Power and Bread

St. John Paul chastises Jesuit priest Ernesto Cardenal, a cabinet official of the Sandinista government. Photo from AP.

St. John Paul chastises Jesuit priest Ernesto Cardenal, a cabinet official of the Sandinista government. Photo from AP.

Declan Leary, Op/Ed Editor

In a recent meeting with The Carroll News’ editorial staff, a JCU administrator characterized the end-goal of the Christian mission as “the liberation of people.” While (if you take quite a bit to be implied — essentially, that by liberation we mean the liberation of souls from sin) this could be technically correct, the wording is deliberately vague, and its historical employment, especially connected to the Jesuits, has been both heretical and dangerous.

The use of the word liberation in this context cannot be detached from the school of theology which it describes. And liberation theology, regardless of the efforts of American Jesuit academics to sanitize it, is Marxist political thought transplanted into a Christian theological context. If the movement’s central texts are not evidence enough of this fact, we can look to the testimony of Ion Mihai Pacepa, a three-star Soviet general and foreign intelligence operative who defected to the United States in 1978. In a 2015 interview with the Catholic News Agency, Pacepa revealed that the KGB had been the driving force behind the rise of this new theology in mid-century Latin America. It had been, essentially, an attempt to make Soviet political doctrine more palatable to a deeply Catholic continent.

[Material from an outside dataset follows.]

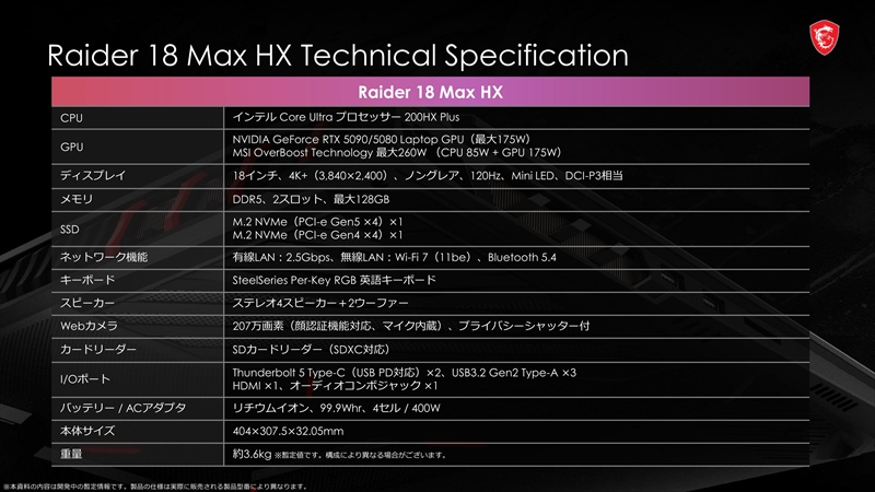 Raider 18 Max HXは、会場には展示されていなかったが、Mini LEDを搭載した120Hz対応の4Kディスプレイを採用している

After years of formation in theological-academic writing and important conferences of Latin American Church leaders, liberation theology found its only practical implementation in Nicaragua in 1978. A violent revolution, among whose leaders were a few prominent Catholic priests — most of them Jesuits — overthrew the country’s dictator and replaced him with another one — this time a Marxist, Daniel Ortega. Five of those revolutionary priests secured cabinet positions in Ortega’s Sandinista junta. The bloodshed and oppression of post-revolutionary Nicaragua are well-known and need not be recounted here. What we often forget, however, and what is worth remembering, is that members — leaders, even — of the Catholic Church engaged in this violence at the highest levels, all in the name of liberation. They paid no attention to the repeated and fervent exhortations of St. John Paul to put an end to their horrific actions.

Perhaps the only tenet of liberation theology that can be addressed on purely theological grounds — for there is very little theological in the whole of its literature and thought — is its concept of collective social sin. This deep misunderstanding of the natures of sin, the soul and society was unequivocally condemned by the Church, and it was one of many reasons for official notifications and censures that the Vatican has been forced to issue against the movement’s leaders. The Catechism reminds us that sin, properly understood, can only be discussed as a personal act; it is the failure of the individual soul to obey the eternal law.

“Social sin” can be a productive concept, but only when recognized as “the expression and effect of personal sins.” In the Christian worldview, the responsibility for actions lies with people, because we are intelligent beings with moral autonomy. In the Marxist worldview, the individual is submitted to the abstract forces of History, which charge on relentlessly and trample over powerless people, and must be disrupted — must be overthrown.

This Marxist worldview is, importantly, materialistic. The story of man is taken as the story of physical beings in a physical world. The things which are most important for man’s fulfillment, then, are material and temporal: a man needs food to nourish his body, and a man needs money to pay for the food. When you convince that man that some impersonal, macroeconomic bogeyman is set up to keep him from the money that will liberate him, and that class warfare or the radical disruption of social order are the only ways to defeat that bogeyman, he becomes willing to fight. When you sell him on the great blasphemy of liberation theology — that Christ mandates this political revolution, that it is, in fact, the center of the gospel message — you convince him that he has a moral obligation to engage in conflict against his fellow man.

Of course, its proponents never present the path to liberation in these terms. It is presented as a humanitarian necessity to reform temporal governments in the Marxist model (though it is rare even for the liberation theologians to employ this word openly). Governments, the wealthy, even the Church itself, are presented as enemies of the poor, whose ultimate goal is liberation in opposition to these oppressors.

Nothing is said of salvation. and little is said of the soul, the bulk of whose existence has nothing to do with economics. Who we are and what we ought to do is mandated by the pursuit of political and economic equality, by our place and participation in the long march of History.

In his landmark Jesus of Nazareth, Pope Benedict XVI recognizes the insidious falsehood of the liberation heresy: “Moral posturing is part and parcel of temptation. It does not invite us directly to do evil — no, that would be far too blatant. It pretends to show us a better way, where we finally abandon our illusions and throw ourselves into the work of actually making the world a better place. It claims, moreover, to speak for true realism: What’s real is what is right there in front of us — power and bread.”